> Excerpted data:
######

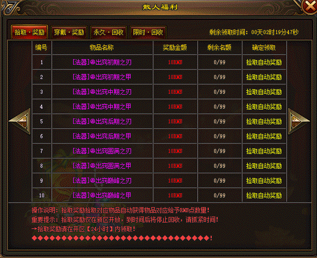 为了使散人更好的发展,游戏设多种个人限时及永久回收奖励,打到RMB点可直接兑换充值,散人打金好发展。
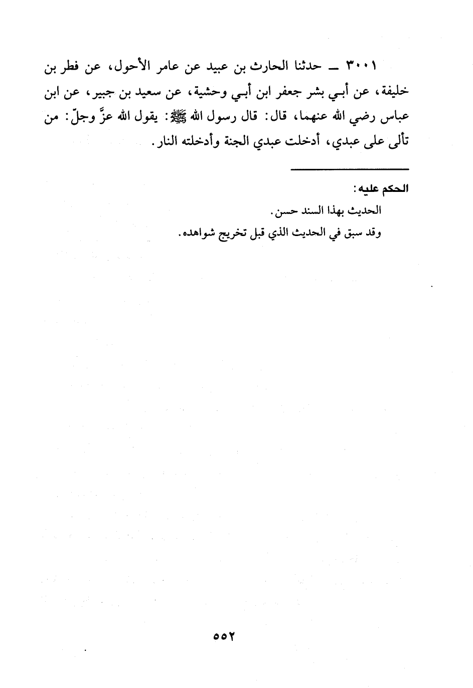 3001 - حَدَّثَنَا الْحَارِثُ بْنُ عُبَيْدٍ عَنْ عَامِرٍ الْأَحْوَلِ، عَنْ فِطْرِ بْنِ خَلِيفَةَ، عَنْ أَبِي بِشْرٍ جَعْفَرِ ابن أَبِي وَحْشِيَّةَ، عَنْ سَعِيدِ بْنِ جُبَيْرٍ، عَنِ ابْنِ عَبَّاسٍ رَضِيَ الله عَنْهُمَا، قَالَ: قَالَ رَسُولُ اللَّهِ صَلَّى اللَّهُ عَلَيْهِ وَسَلَّمَ: يَقُولُ اللَّهُ عَزَّ وَجَلَّ: §مَنْ تَأَلَّى عَلَى عَبْدِي، أَدْخَلْتُ عَبْدِيَ الْجَنَّةَ وَأَدْخَلْتُهُ النَّارَ.
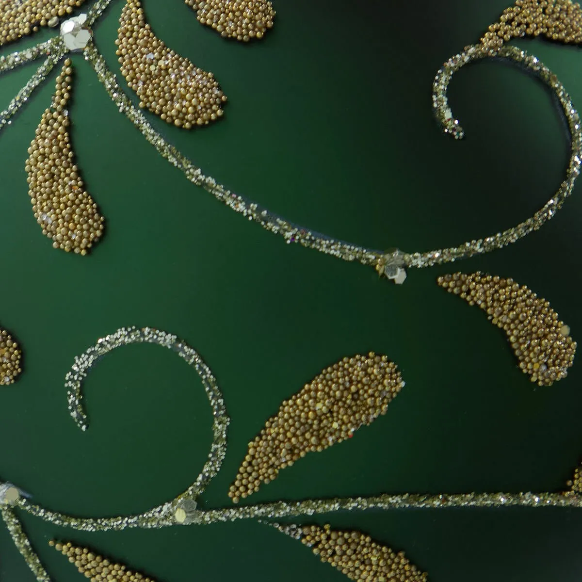 House Doctor Flori -lasipallo on upea yhdistelmä klassista eleganssia ja hienovaraista kimallusta. Syvän vihreä, mattapintainen lasi ja kultaiset glitter-koristeet muodostavat näyttävän kokonaisuuden, joka heijastaa valoa kauniisti. Jokainen pallo on käsintehty, mikä tekee siitä ainutlaatuisen. Flori-joulupallo sopii täydellisesti kuuseen, oksalle tai osaksi juhlaista asetelmaa. Luksusta ja lämpöä joulukotiin.
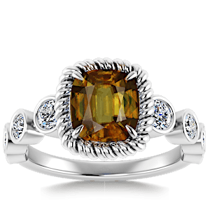 5.31ct Sphene set in Vintage Twilight Natural Diamond Ring
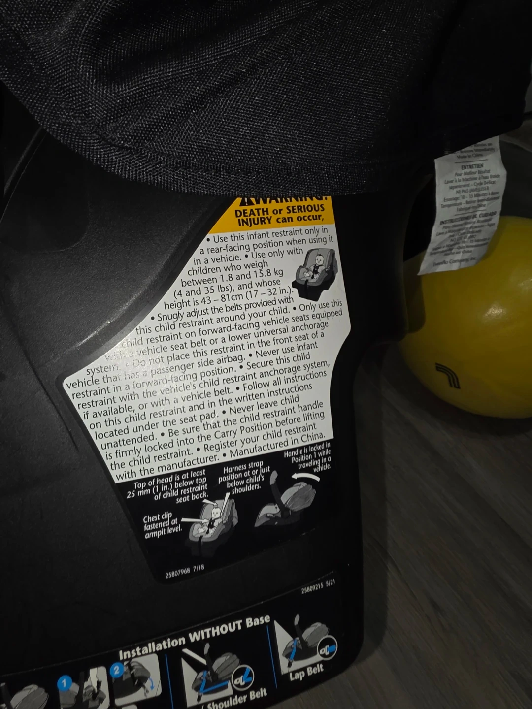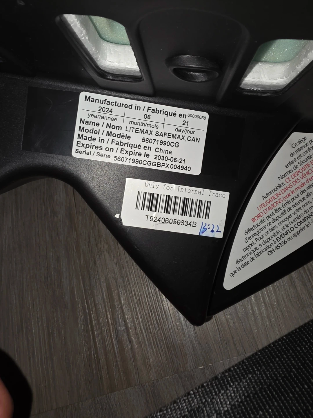 This Evenflo LITEMAX infant car seat is designed for children 4-35 lbs. It has a manufactured date of June 2024 and expires on June 21, 2030. The car seat includes the base for easy installation.
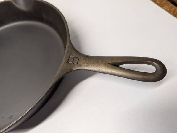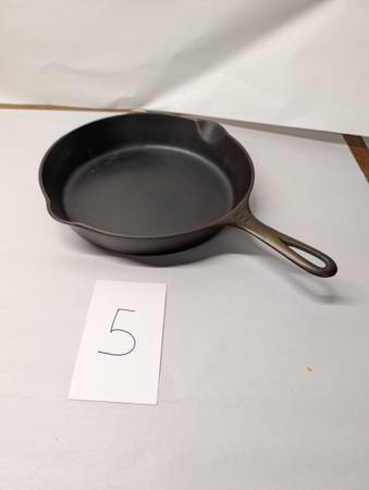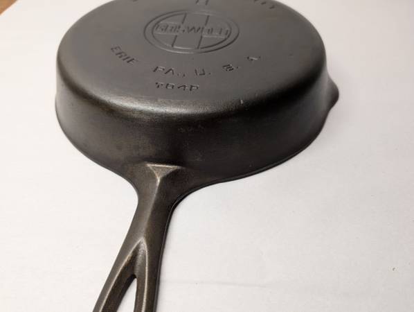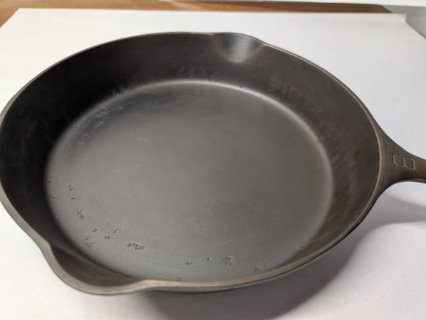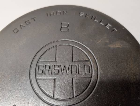 Griswold skillet #8 Nice shape Large logo Sits flat One coat of seasoning Some normal wear, scuffs. Perfect for cooking/baking Will make a great gift Perfect for any household kitchen. Please look...
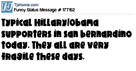 X says Typical Hillary/Obama supporters in san bernardino today. They all are very fragile these days.
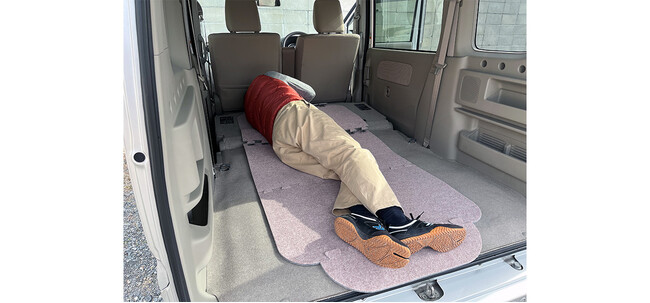 地震や台風、水害などの有事発生した時には、避難所が満員の場合もあります。そんな時には車などで寝泊まりする可能性も想定されますが、 そのような場合には、このように軽バンなどの後ろに設置することも可能です。
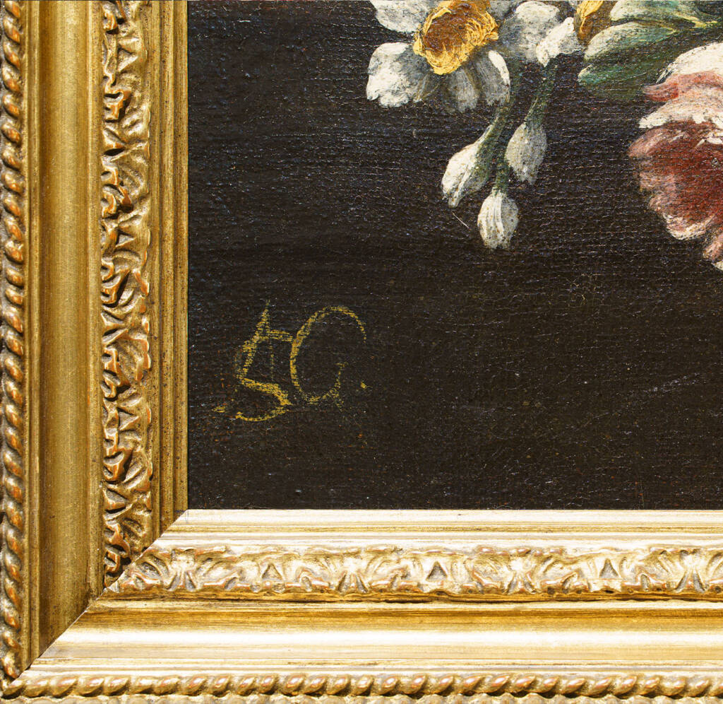 La composizione, di impianto classico, mostra l’influenza della pittura decorativa romana e napoletana del Settecento, in particolare delle botteghe che facevano capo alla cerchia di Mario Nuzzi (detto “dei Fiori”) e dei suoi seguaci. L’attenzione al dettaglio botanico e la costruzione del vaso dorato suggeriscono la mano di un artista di buon livello, attivo tra Roma e l’Italia settentrionale.
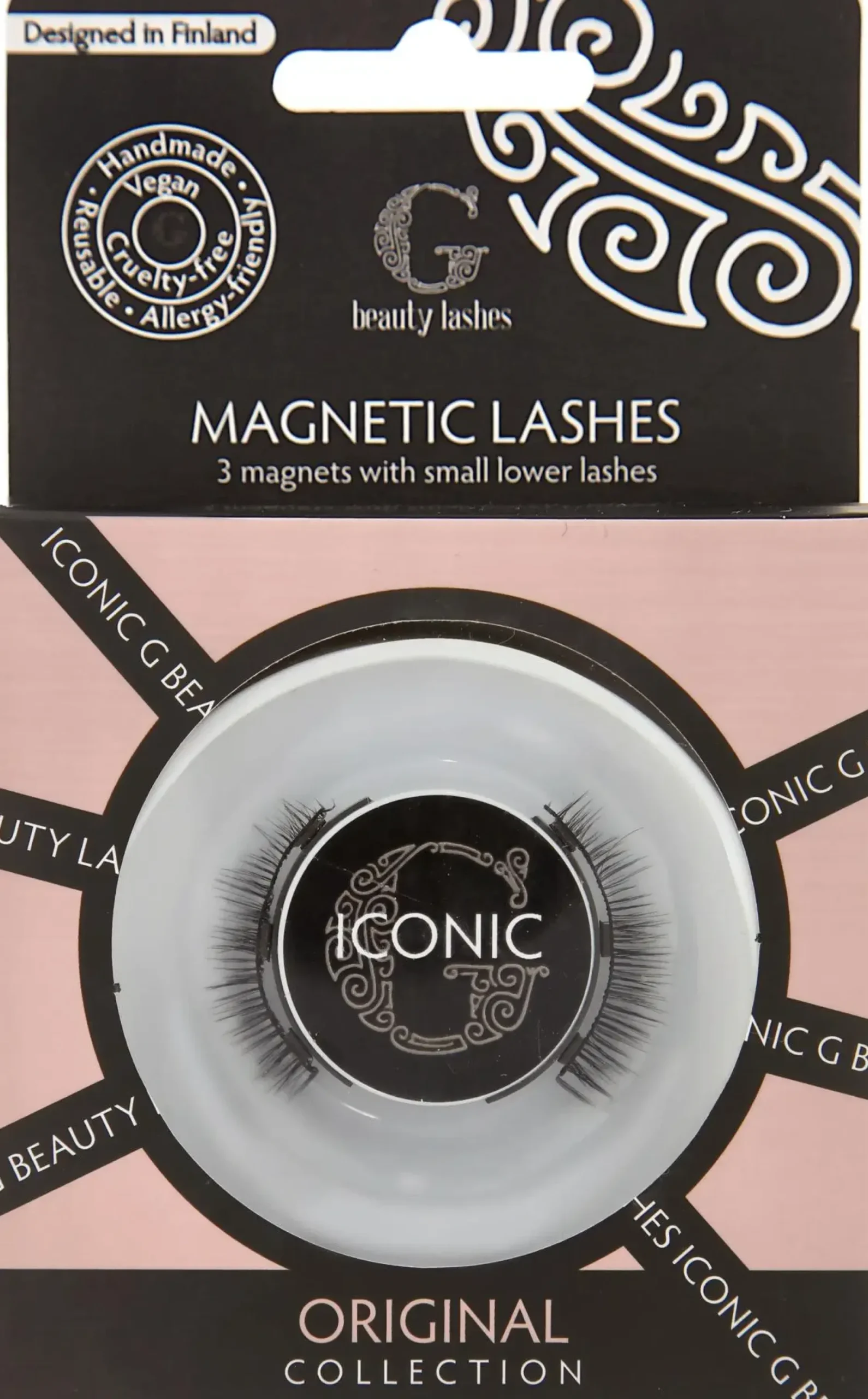 Iconic Magneettiripset ovat luonnolliset ja sopivasti volyymia antavat erittäin laadukkaat kolmen magneetin ripset. Ne kiinnitetään pakkauksen mukana tulevilla kolmella pienellä magneetilla tai erikseen myytävällä magneettieyelinerilla. Ripsistä voi tarvittaessa leikata yhden magneetin pois, jolloin ripset korostavat vain silmän ulkonurkkia. Näiden ripsien valmistuksessa on käytetty uusinta teknologiaa ja ne on valmistettu erikoisesta kuidusta mikä maatuu vuosien aikana eikä jää kuormittamaan ympäristöä ikuisesti. Ripsinauha on pehmeää ja taipuisaa puuvillaa.
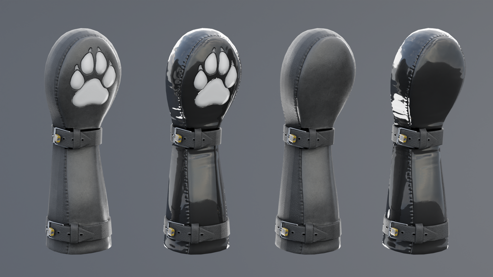 Unity package with the Mitts including easy VRCFury setup, texture and FBX files, blend file including raw high poly models, Substance painter files and blend file of the gumroad video render
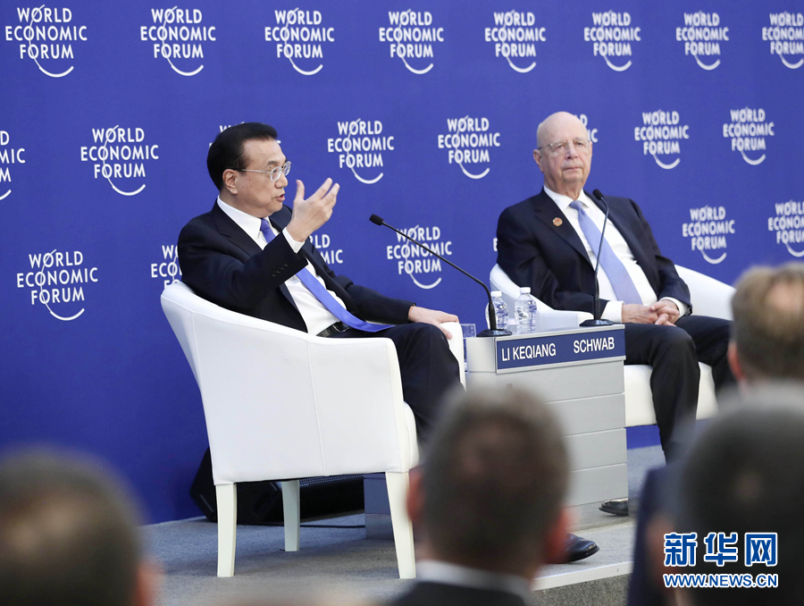 李克強就中國金融開放、知識產(chǎn)權(quán)保護(hù)、減稅降費、創(chuàng)新創(chuàng)業(yè)、世界貿(mào)易體制改革等問題回答了提問。世界經(jīng)濟論壇主席施瓦布主持對話會。來自中國、美國、歐洲、日本等國和地區(qū)200余名代表出席。
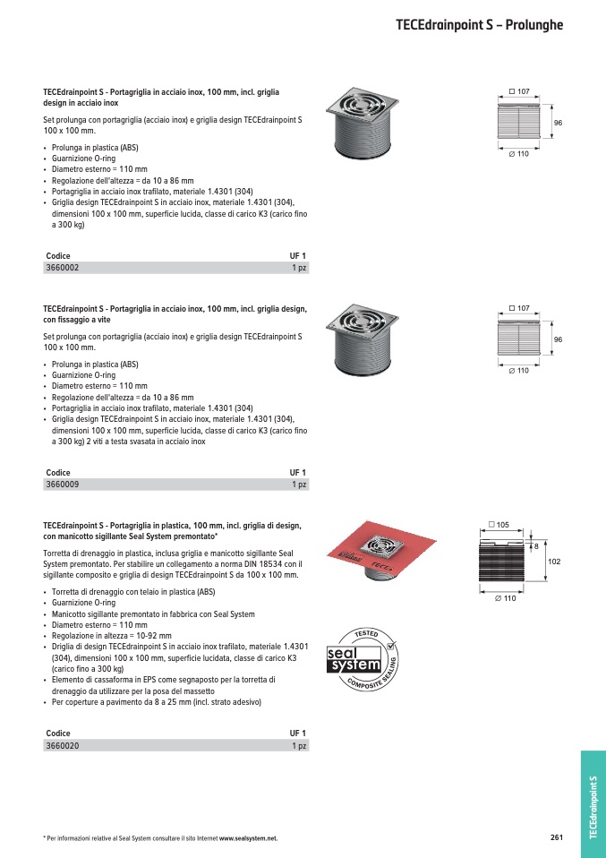 * Per informazioni relative al Seal System consultare il sito Internet www.sealsystem.net.
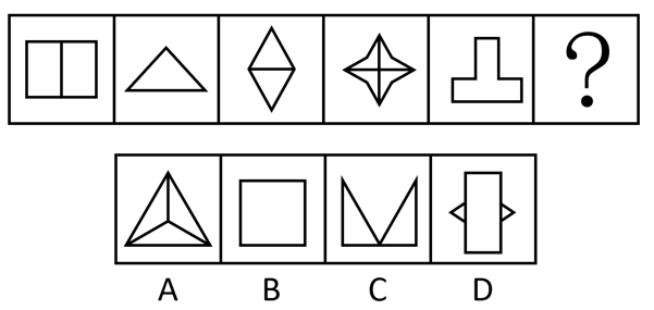 从所给的四个选项中,选择最合适的一个填入问号处,使之呈现一定的规律性:
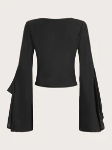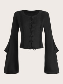Lace Up Front Flounce Sleeve Blouse
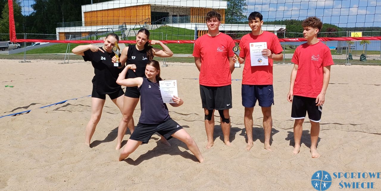 Wczoraj poznaliśmy mistrzynie i mistrzów powiatu świeckiego „Licealiady” w siatkówce plażowej. W Decznie rywalizowały trzy szkoły. U dziewcząt zgodnie z przewidywaniami rządziły Jokerki, które grały w barwach ZSOiP Świecie i I LO Świecie. Mecz między tymi drużynami zdecydował o 1. miejscu. „Biały” wygrał 2:1 (15:11, 13:15, 11:6). Stały za nim Julia Figura, Martyna Gorlicka i Natalia Chruszcz (opiekunka Monika Lubińska). Natomiast w drużynie „Czerwonego” grały Oliwia Golińska, Weronika Tomasik i Karolina Bronikowska (opiekun Mariusz Majka).

######

> Task objective: With pictures removed, write out exactly each line of the entries from the first through the line that holds "3001 - حَدَّثَنَا".

> Worked solution:
 为了使散人更好的发展,游戏设多种个人限时及永久回收奖励,打到RMB点可直接兑换充值,散人打金好发展。
 3001 - حَدَّثَنَا الْحَارِثُ بْنُ عُبَيْدٍ عَنْ عَامِرٍ الْأَحْوَلِ، عَنْ فِطْرِ بْنِ خَلِيفَةَ، عَنْ أَبِي بِشْرٍ جَعْفَرِ ابن أَبِي وَحْشِيَّةَ، عَنْ سَعِيدِ بْنِ جُبَيْرٍ، عَنِ ابْنِ عَبَّاسٍ رَضِيَ الله عَنْهُمَا، قَالَ: قَالَ رَسُولُ اللَّهِ صَلَّى اللَّهُ عَلَيْهِ وَسَلَّمَ: يَقُولُ اللَّهُ عَزَّ وَجَلَّ: §مَنْ تَأَلَّى عَلَى عَبْدِي، أَدْخَلْتُ عَبْدِيَ الْجَنَّةَ وَأَدْخَلْتُهُ النَّارَ.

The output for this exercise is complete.